9時20分に声が聞こえてきました。それを聞いて最初に思ったのは…「カエル?」。実際カエルの鳴き声のような声が3回聞こえました。少し間をおいて、今度は明らかに人間の赤ちゃんの泣き声が聞こえます。
「ああ、生まれたんだ!」
胸の奥からこみ上げてくるものがありました。けれど、泣き声は私のイメージしていたものと比べて弱々しく、しかも少しして途切れてしまいました。
大丈夫なのか?
生まれたばかりの赤ん坊は大声で泣き続けるんじゃないのか?
あんな小さな泣き声で、しかも泣き止んでしまったというのはどういうこと?
その後再び泣き声が聞こえるようになりましたが、断続的であまり大きな声ではありません。
9時40分ごろにドアが開き、看護師さんが赤ちゃんを抱いて待機室に入ってきました。父と子の初めての対面です。
タオルにくるまれている赤ちゃんをのぞき込むと……なんかすごく可愛いぞ。もっとサルみたいな顔なのかと思っていた。
写真を撮ってくださいと言われて、あわててスマホで何枚か撮影しました。そして、はい、抱いてくださいと赤ちゃんを渡されます。「えっ!? 私が?」心の準備ができておらず、おっかなびっくり受け取りました。赤ちゃんの抱き方なんてもちろん習ったことはありません。落とさないように、首を動かさないようにとだけ考えていました。

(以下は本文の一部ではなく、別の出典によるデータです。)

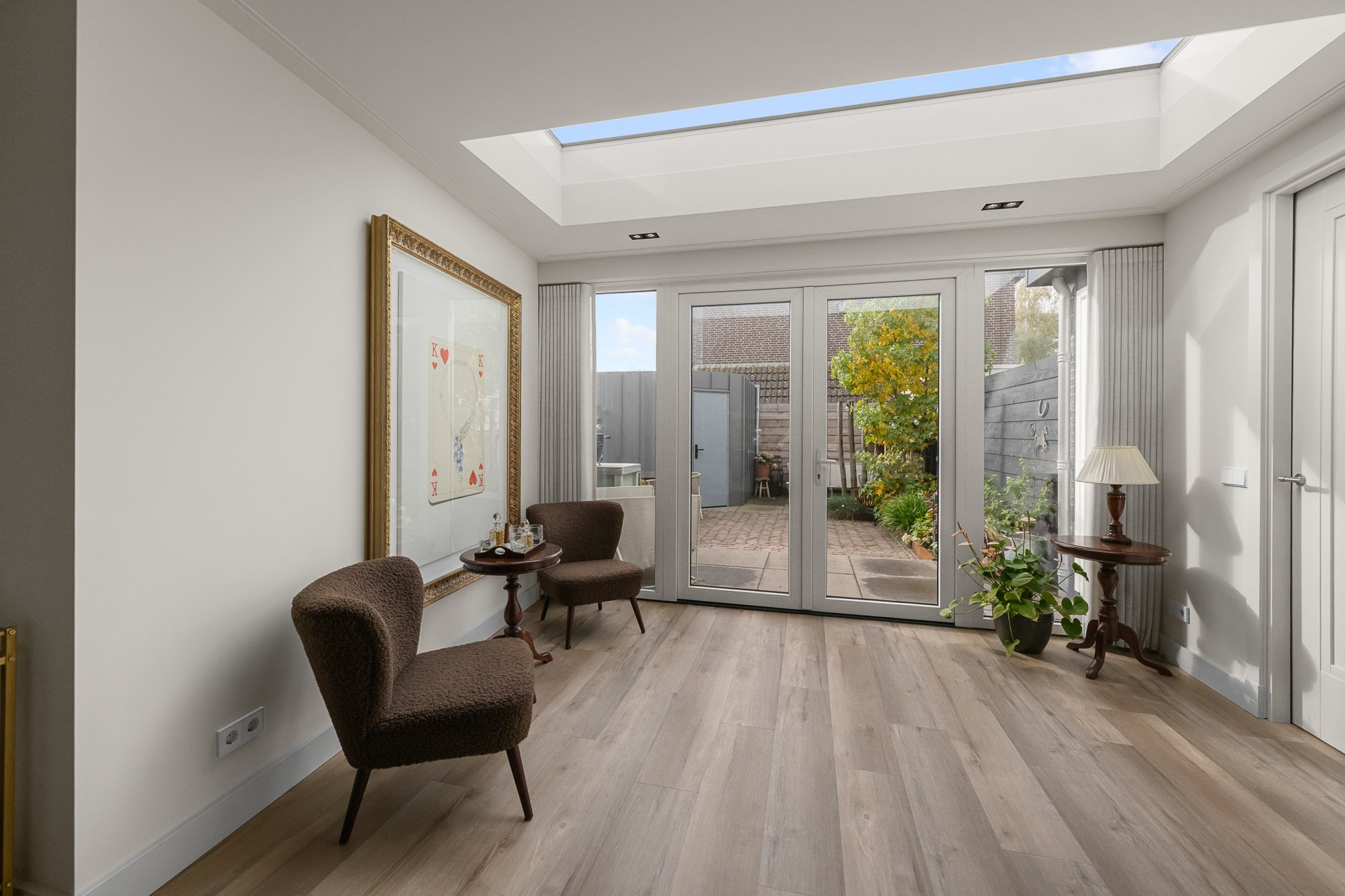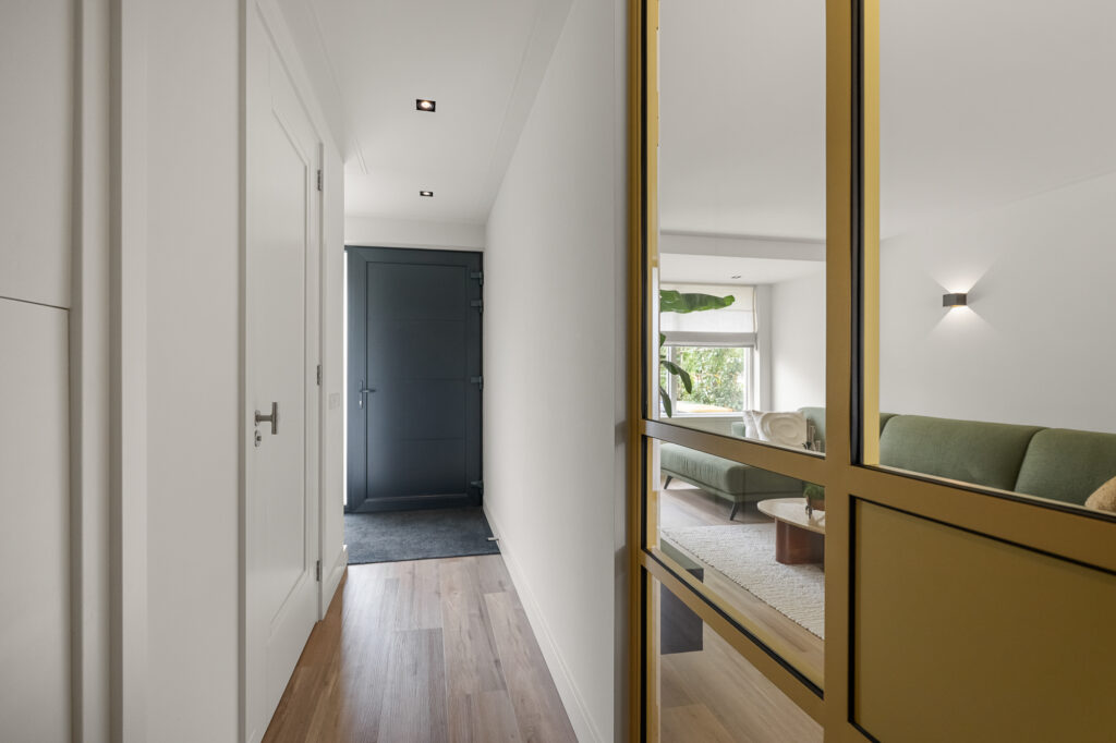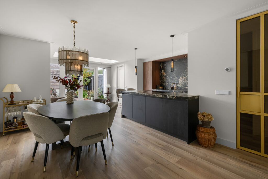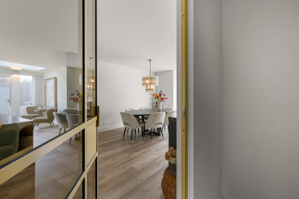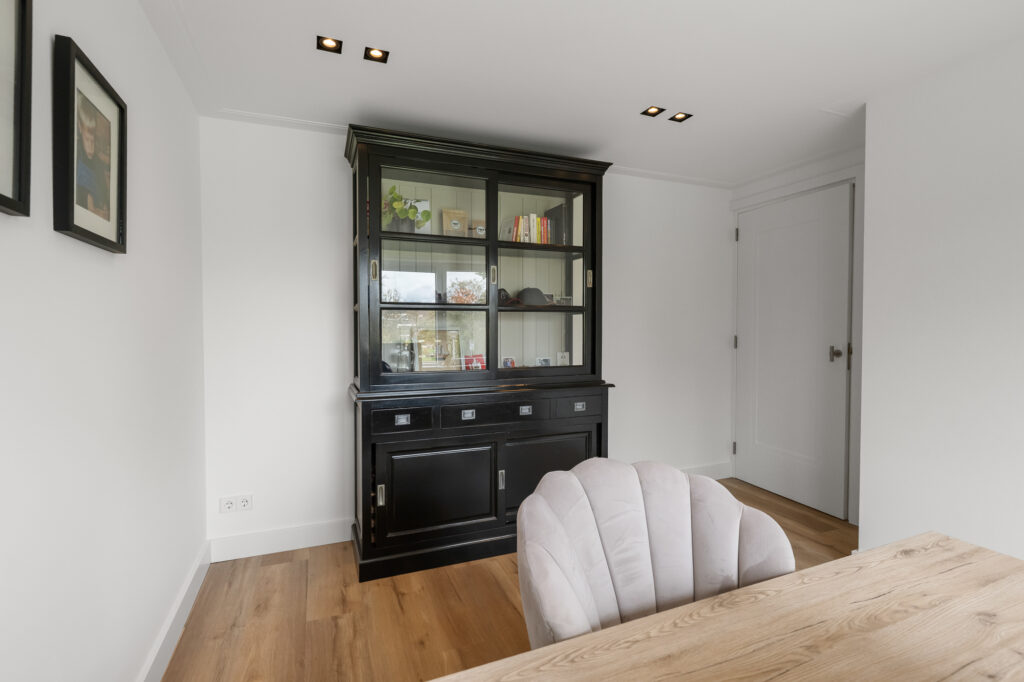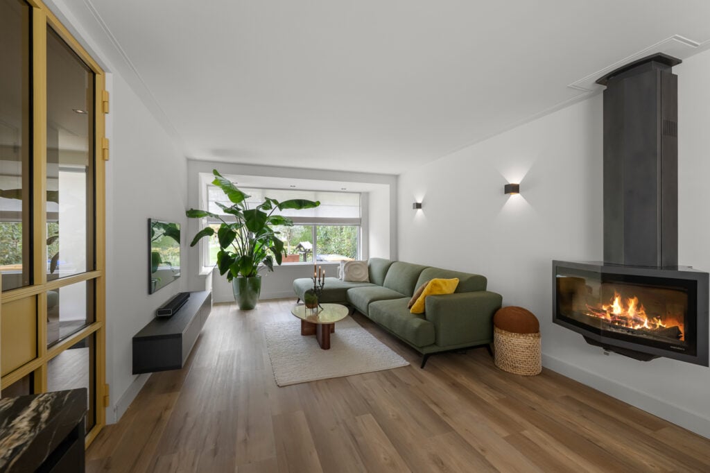 Zodra je de woning binnenstapt, valt het oog gelijk op de sfeervolle afwerking. Een warme pvc-vloer met vloerverwarming, het strakke stucwerk, de sfeervolle design houtkachel van Wanders en de uitermate luxe keuken met schiereiland zorgen voor een warme en hedendaagse uitstraling. Aan zowel de voor- als de achterzijde is de woning uitgebouwd. De achteruitbouw beschikt over een grote lichtkoepel en openslaande deuren die zorgen voor een zee aan licht en een vloeiende verbinding met de tuin.

バスタオルでくるまれていて首のところもしっかりしているので、私のような初心者でも大丈夫でした。けっこう重いです。また、温かさとほのかな快い香りも感じられました。
髪の毛がかなり生えていたのに驚きました。生まれたてのときは髪なんてあまり生えていないものと思っていました。
私が看護師さんから受け取った直後に赤ちゃんは泣き出しました。しかしすぐに泣き止むと、じっと見つめる私の目を見つめ返してくれました。

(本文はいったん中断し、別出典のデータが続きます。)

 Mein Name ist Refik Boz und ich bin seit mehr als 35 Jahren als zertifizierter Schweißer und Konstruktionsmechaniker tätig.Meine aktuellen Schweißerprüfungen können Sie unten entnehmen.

私は今まで決して子ども好きではなく、甥や姪も特別可愛いとか愛しいとか感じたことはありませんでした。しかし、自分の息子を抱いて、その目を見たときには、愛しさがこみ上げてきました。
私に抱かれている赤ちゃんを看護師さんが写真に撮ってくれました。
撮り終えると、私から赤ちゃんを受け取り、看護師さんは再び待機室を出ていきました。指示を受け、嫁の荷物を持って私は隣の部屋へ移動します。そこには手術を終えたばかりの嫁がベッドに寝ていました。
「ありがとう」と嫁に声をかけます。嫁はホッとしつつも少し疲れた表情です。手術中の様子などを話してくれました。全身麻酔ではないので意識ははっきりしていて、産声もちゃんと聞こえたそうです。
10分もしないうちに看護師さんが入ってきました。手術直後だから起き上がることはできないけれど、体の向きを変えるのはいいことなので、それを伝えてほしいと言われます。また、帝王切開なので入院期間は5日間から8日間、その範囲内で自分たちで退院日を決めてくださいとのことです。
嫁にベトナム語で説明しました。看護師さんはまた部屋を出ていきます。
嫁の手を握りながら話をしました。
「けっこうハンサムだったな。オレに似なくてよかった」
「今夜はここに泊まっていくの?」
「それはできない。もうすぐ追い出されるよ」
看護師さんがまた入ってきて、退出を促されます。
ゆっくり休んでと嫁に言い、私は病院を後にしました。